Apparently although we have lost 15,000 Europeans the main issue is that Covid caused the cancellation of 40,000 tests (about 25,000 would have passed). There are 90,000 vacancies which is more than those lost by both.

That does suggest that actually while Brexit has played it's part (though actually visas are not a massive issue, it's just less beaurocratic to stay in Europe given the additional paperwork involved), Covid has played a majority part and that should resolve itself over time.
These numbers are indeed correct (ish) as published by the Road Haulage Association. However, they have been debunked to an extent on More or Less
https://www.bbc.co.uk/sounds/play/p09tpk7c (11:30 onwards).

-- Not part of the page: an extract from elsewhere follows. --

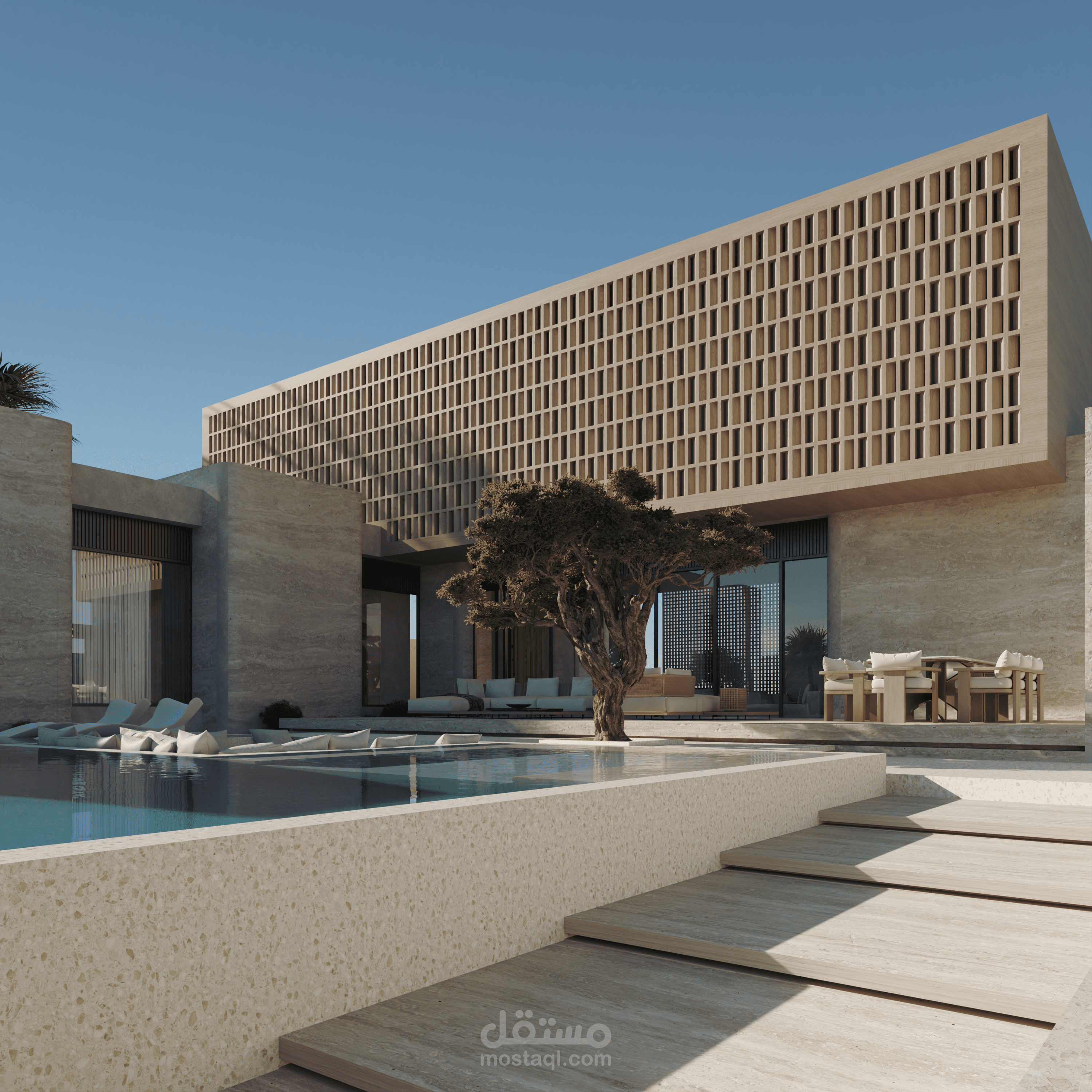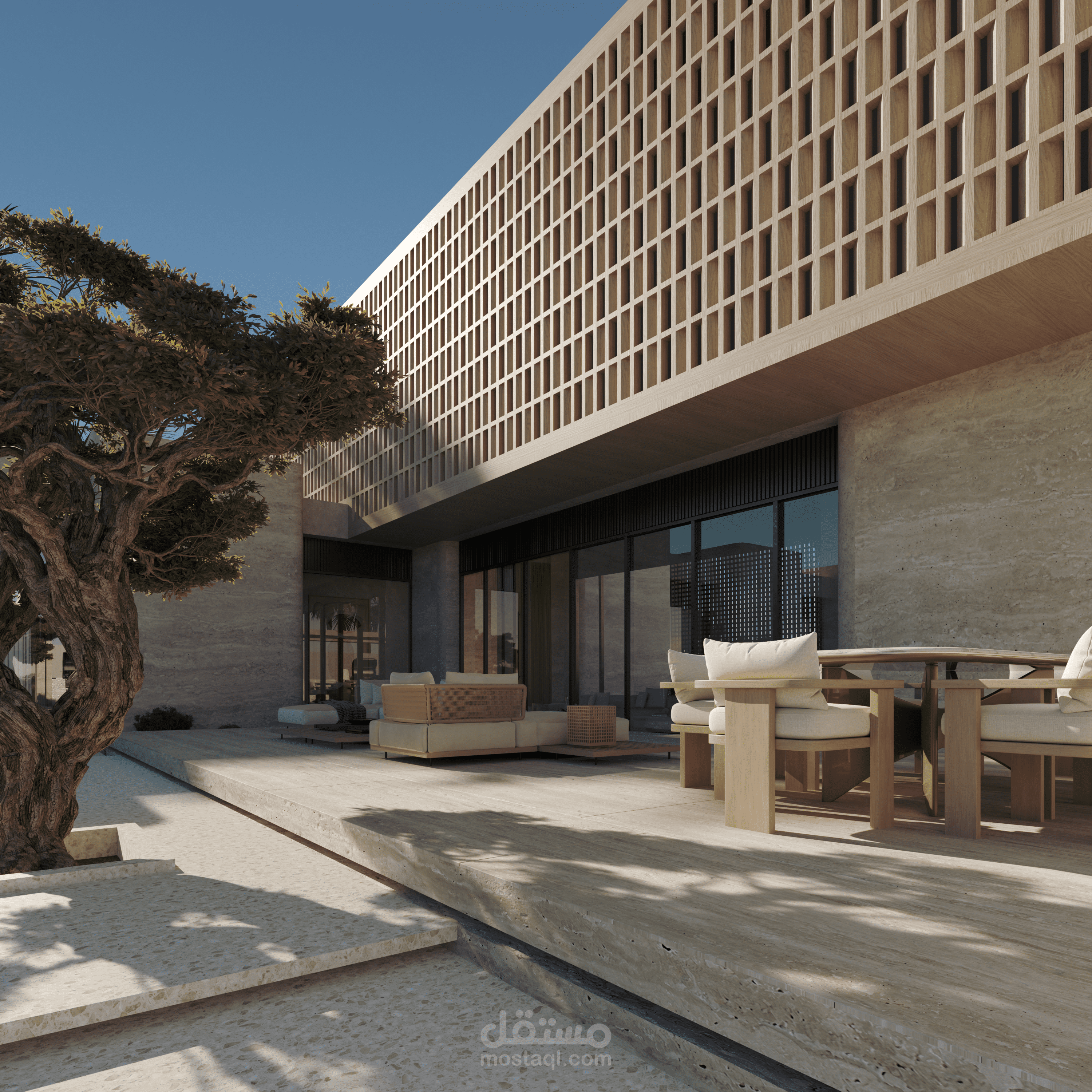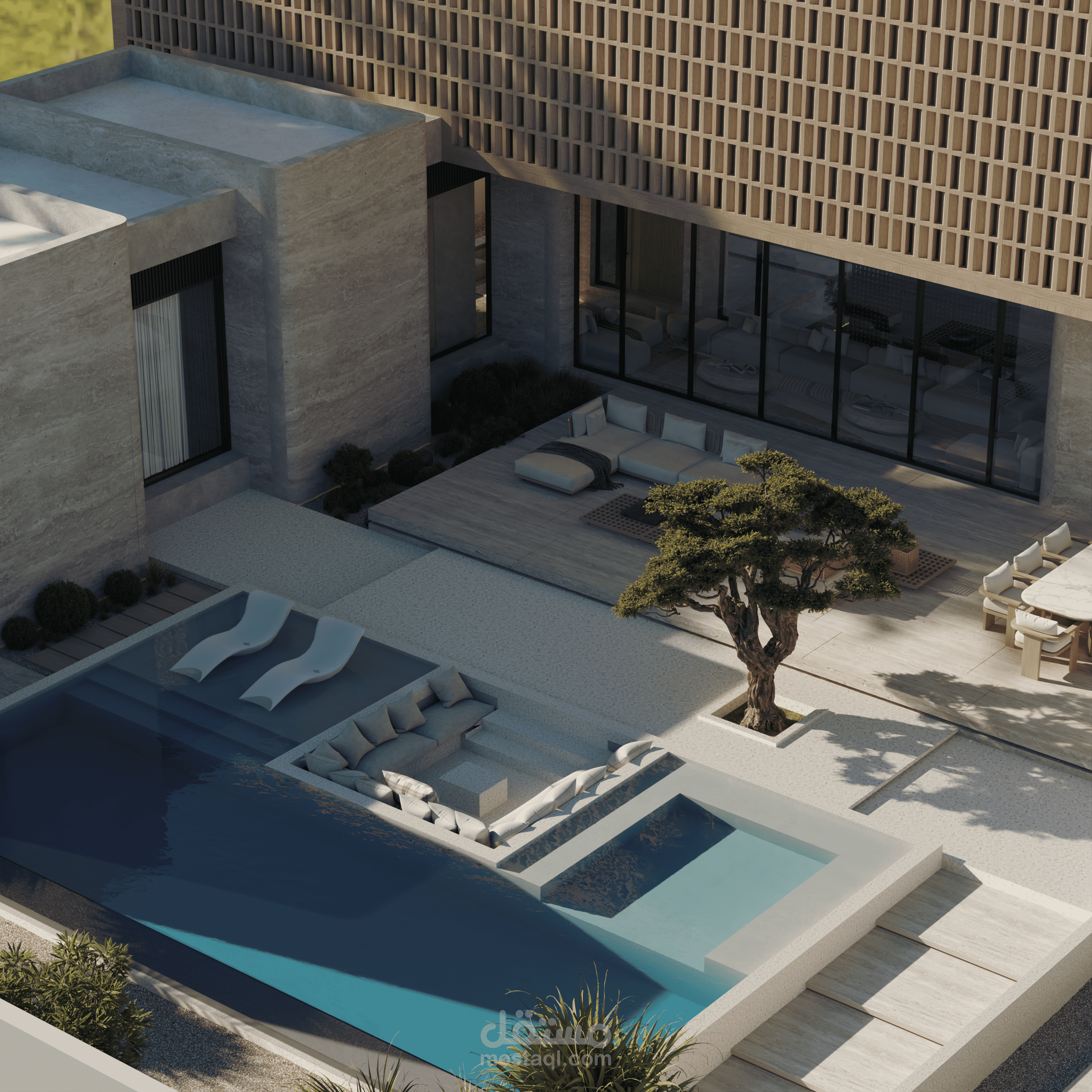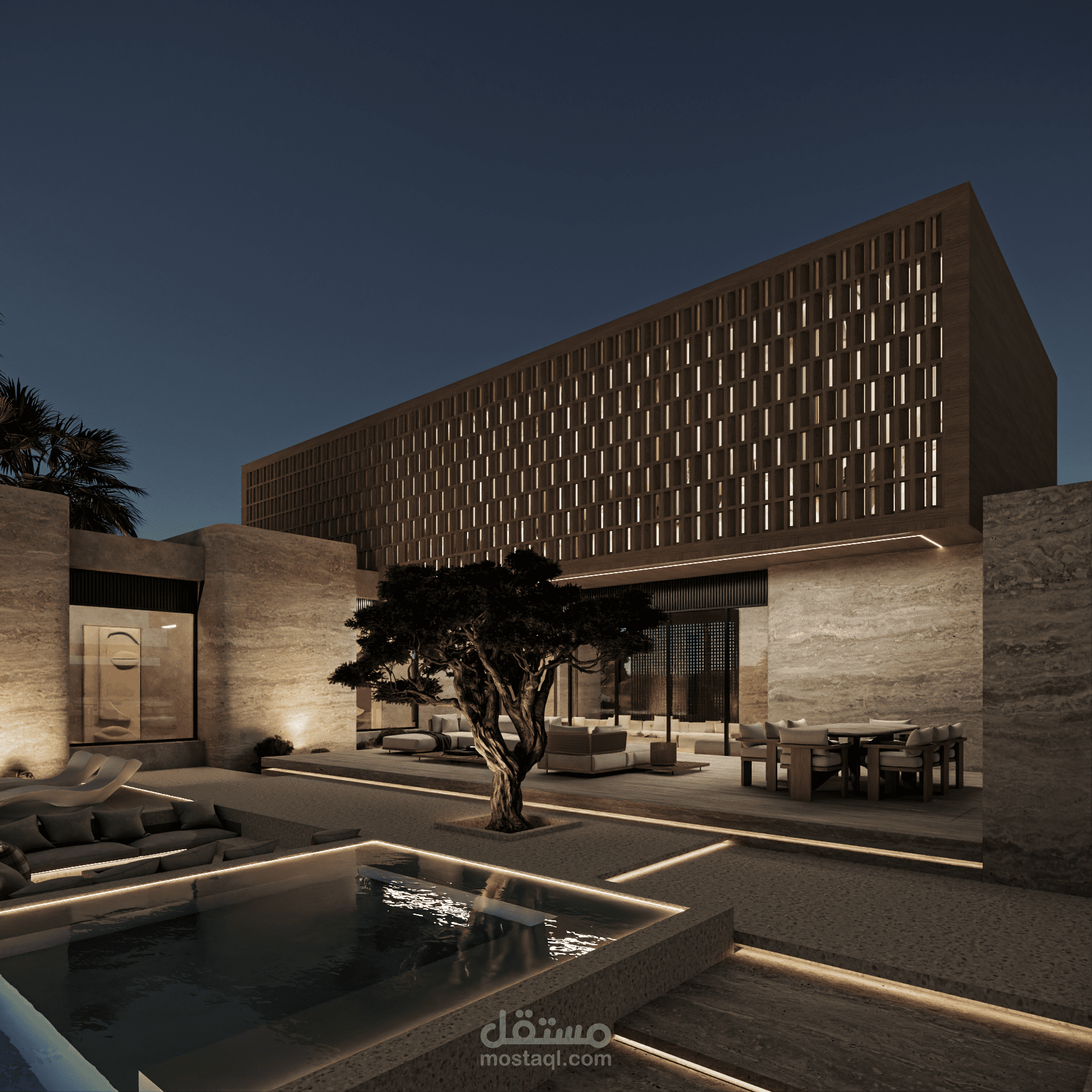 الكونسيبت يرتكز على الهدوء والانعزال الداخلي عبر فناء داخلي (Courtyard) يربط الفراغات بالضوء والطبيعة والماء.

The ONS have published data that suggest around 19,000 EU drivers moved back to the EU. The 25,000 test passes is also correct although it is wrong to assume everyone passing their test would have gone on to get a job in the industry. Finally, the main bulk of your 100,000 figure includes 60,000 missing drivers in 2019. This figure was apparently 50,000 in 2015 way before Brexit so it does beg the question as to why the RHA has been unable to solve this problem in the last 7 years. The RHA have also been unable to show how they calculated this figure so I think it fair to assume it has a political element.

What we do know is that between 2019 and now, 19,000 EU drivers left and some part of 25,000 drivers didn't pass their test and go into the industry.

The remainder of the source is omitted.